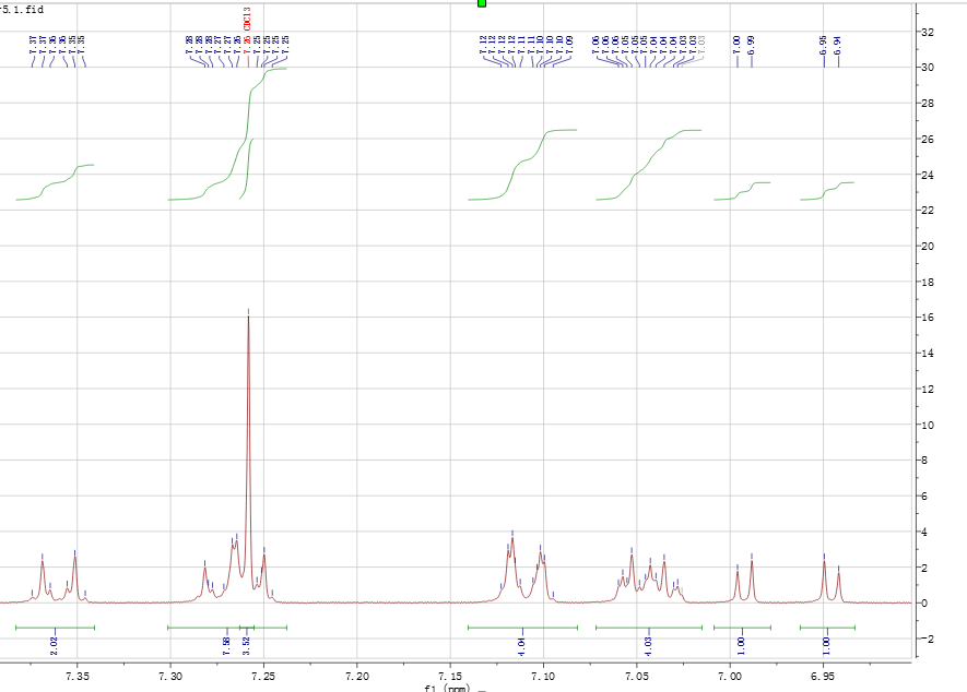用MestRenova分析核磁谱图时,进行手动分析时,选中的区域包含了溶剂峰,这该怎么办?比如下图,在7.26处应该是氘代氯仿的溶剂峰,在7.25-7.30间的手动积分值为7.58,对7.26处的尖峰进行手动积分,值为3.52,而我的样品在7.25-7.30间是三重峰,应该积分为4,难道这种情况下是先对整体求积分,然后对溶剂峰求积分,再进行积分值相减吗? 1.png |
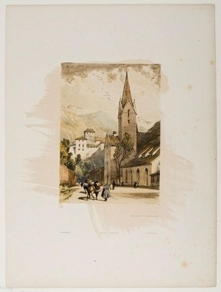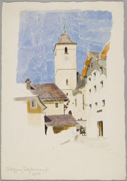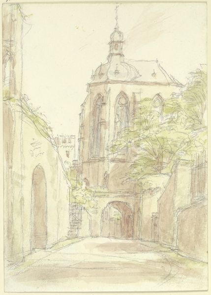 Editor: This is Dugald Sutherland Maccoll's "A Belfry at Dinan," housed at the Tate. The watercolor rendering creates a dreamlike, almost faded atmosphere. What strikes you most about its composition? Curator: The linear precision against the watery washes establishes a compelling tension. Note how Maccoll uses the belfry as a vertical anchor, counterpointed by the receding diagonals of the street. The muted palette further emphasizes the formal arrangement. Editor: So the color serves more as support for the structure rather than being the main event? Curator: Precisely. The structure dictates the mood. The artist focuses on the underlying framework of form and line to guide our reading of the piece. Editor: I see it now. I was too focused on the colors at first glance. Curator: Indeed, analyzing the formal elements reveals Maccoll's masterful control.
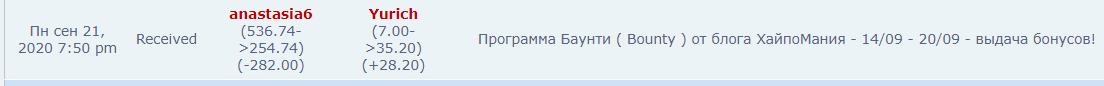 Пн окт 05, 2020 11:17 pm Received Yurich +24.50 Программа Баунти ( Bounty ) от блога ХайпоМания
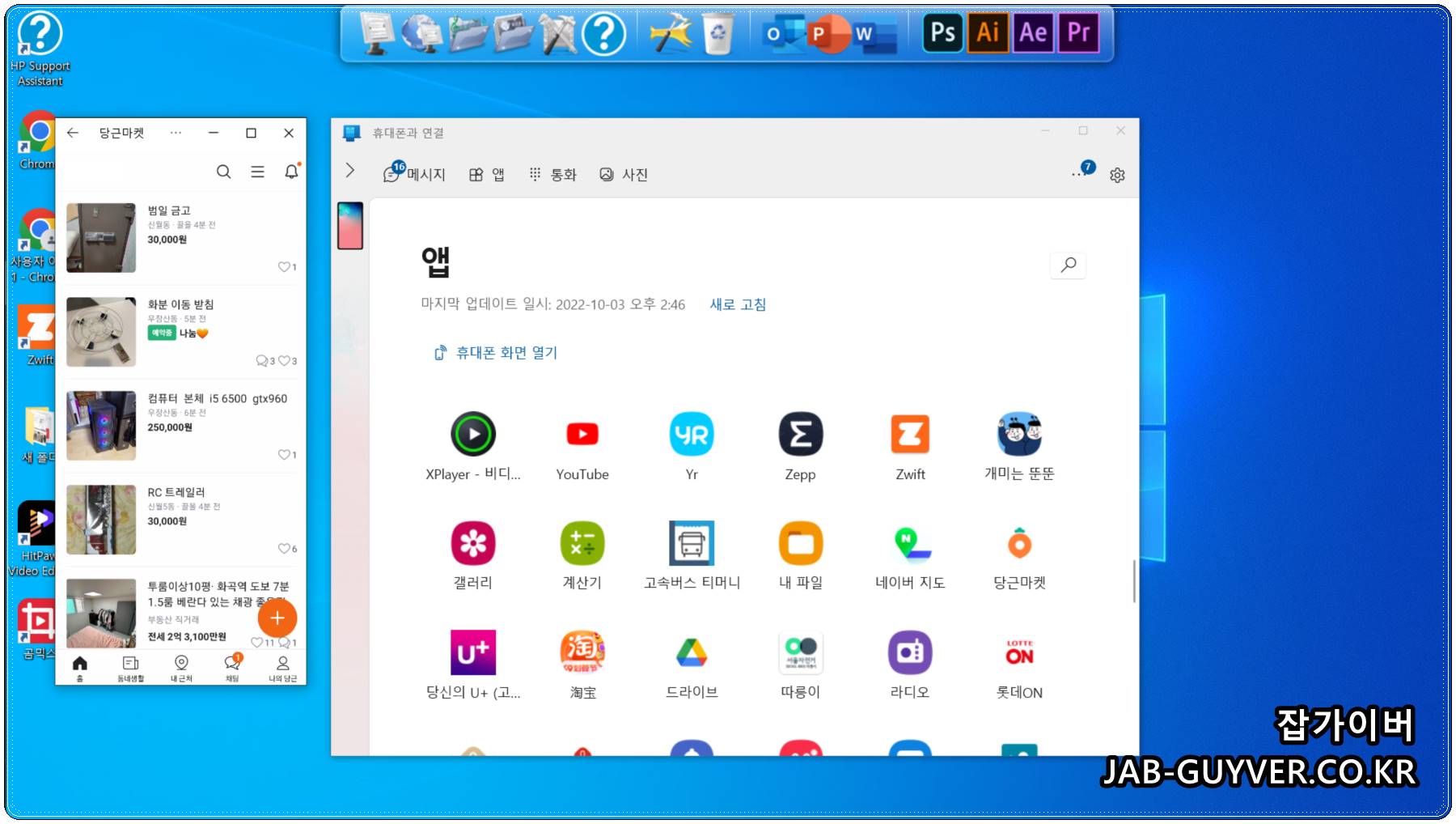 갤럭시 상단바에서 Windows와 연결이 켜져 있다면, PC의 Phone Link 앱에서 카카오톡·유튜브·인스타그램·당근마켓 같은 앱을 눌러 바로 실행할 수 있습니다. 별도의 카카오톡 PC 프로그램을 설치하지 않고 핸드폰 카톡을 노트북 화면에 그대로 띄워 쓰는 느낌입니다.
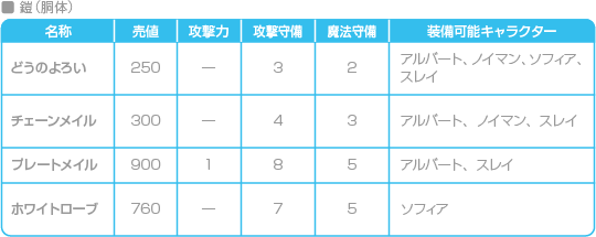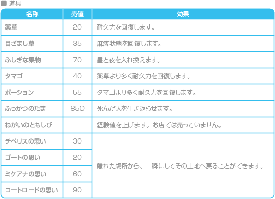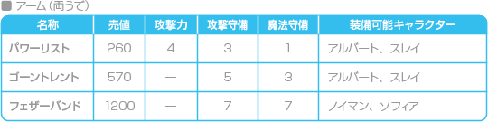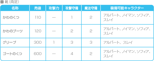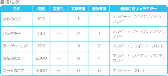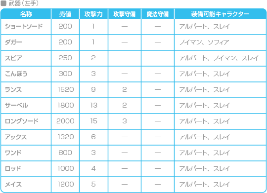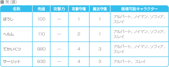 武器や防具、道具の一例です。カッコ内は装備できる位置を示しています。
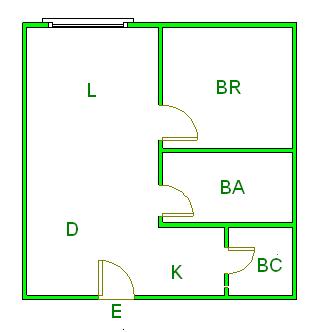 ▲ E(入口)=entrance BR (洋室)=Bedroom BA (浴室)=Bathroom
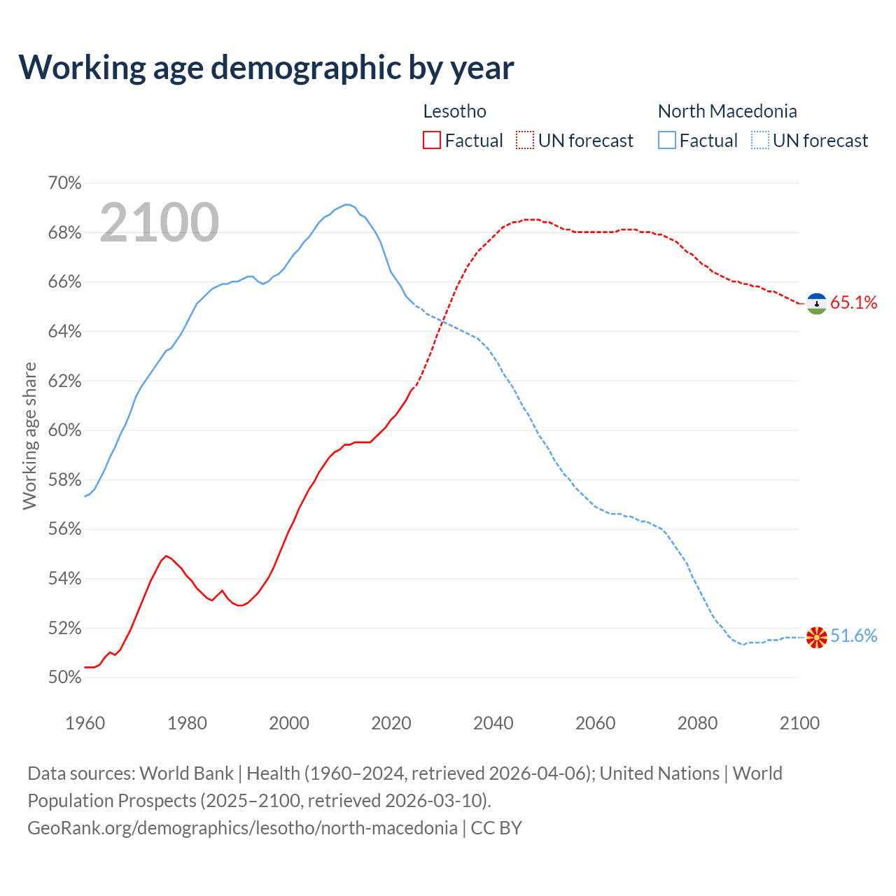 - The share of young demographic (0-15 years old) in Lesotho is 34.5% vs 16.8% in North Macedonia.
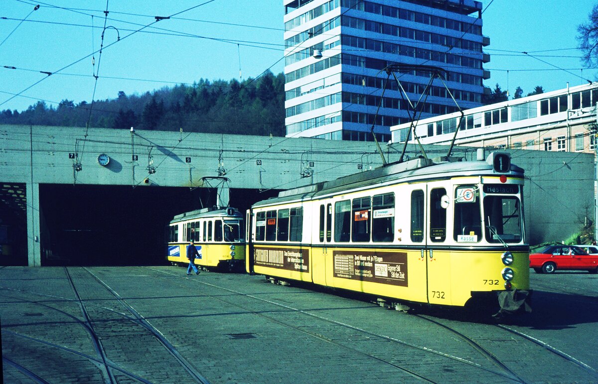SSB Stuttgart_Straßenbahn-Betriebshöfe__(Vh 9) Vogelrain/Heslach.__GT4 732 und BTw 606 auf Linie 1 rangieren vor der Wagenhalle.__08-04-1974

--------------------------------

» **Your task**: Images in the records must not be repeated; everything else should be returned exactly.

» **Response to the exercise**:
用MestRenova分析核磁谱图时,进行手动分析时,选中的区域包含了溶剂峰,这该怎么办?比如下图,在7.26处应该是氘代氯仿的溶剂峰,在7.25-7.30间的手动积分值为7.58,对7.26处的尖峰进行手动积分,值为3.52,而我的样品在7.25-7.30间是三重峰,应该积分为4,难道这种情况下是先对整体求积分,然后对溶剂峰求积分,再进行积分值相减吗? 1.png |
 Editor: This is Dugald Sutherland Maccoll's "A Belfry at Dinan," housed at the Tate. The watercolor rendering creates a dreamlike, almost faded atmosphere. What strikes you most about its composition? Curator: The linear precision against the watery washes establishes a compelling tension. Note how Maccoll uses the belfry as a vertical anchor, counterpointed by the receding diagonals of the street. The muted palette further emphasizes the formal arrangement. Editor: So the color serves more as support for the structure rather than being the main event? Curator: Precisely. The structure dictates the mood. The artist focuses on the underlying framework of form and line to guide our reading of the piece. Editor: I see it now. I was too focused on the colors at first glance. Curator: Indeed, analyzing the formal elements reveals Maccoll's masterful control.
 Пн окт 05, 2020 11:17 pm Received Yurich +24.50 Программа Баунти ( Bounty ) от блога ХайпоМания
 갤럭시 상단바에서 Windows와 연결이 켜져 있다면, PC의 Phone Link 앱에서 카카오톡·유튜브·인스타그램·당근마켓 같은 앱을 눌러 바로 실행할 수 있습니다. 별도의 카카오톡 PC 프로그램을 설치하지 않고 핸드폰 카톡을 노트북 화면에 그대로 띄워 쓰는 느낌입니다.
 武器や防具、道具の一例です。カッコ内は装備できる位置を示しています。
 ▲ E(入口)=entrance BR (洋室)=Bedroom BA (浴室)=Bathroom
 - The share of young demographic (0-15 years old) in Lesotho is 34.5% vs 16.8% in North Macedonia.
SSB Stuttgart_Straßenbahn-Betriebshöfe__(Vh 9) Vogelrain/Heslach.__GT4 732 und BTw 606 auf Linie 1 rangieren vor der Wagenhalle.__08-04-1974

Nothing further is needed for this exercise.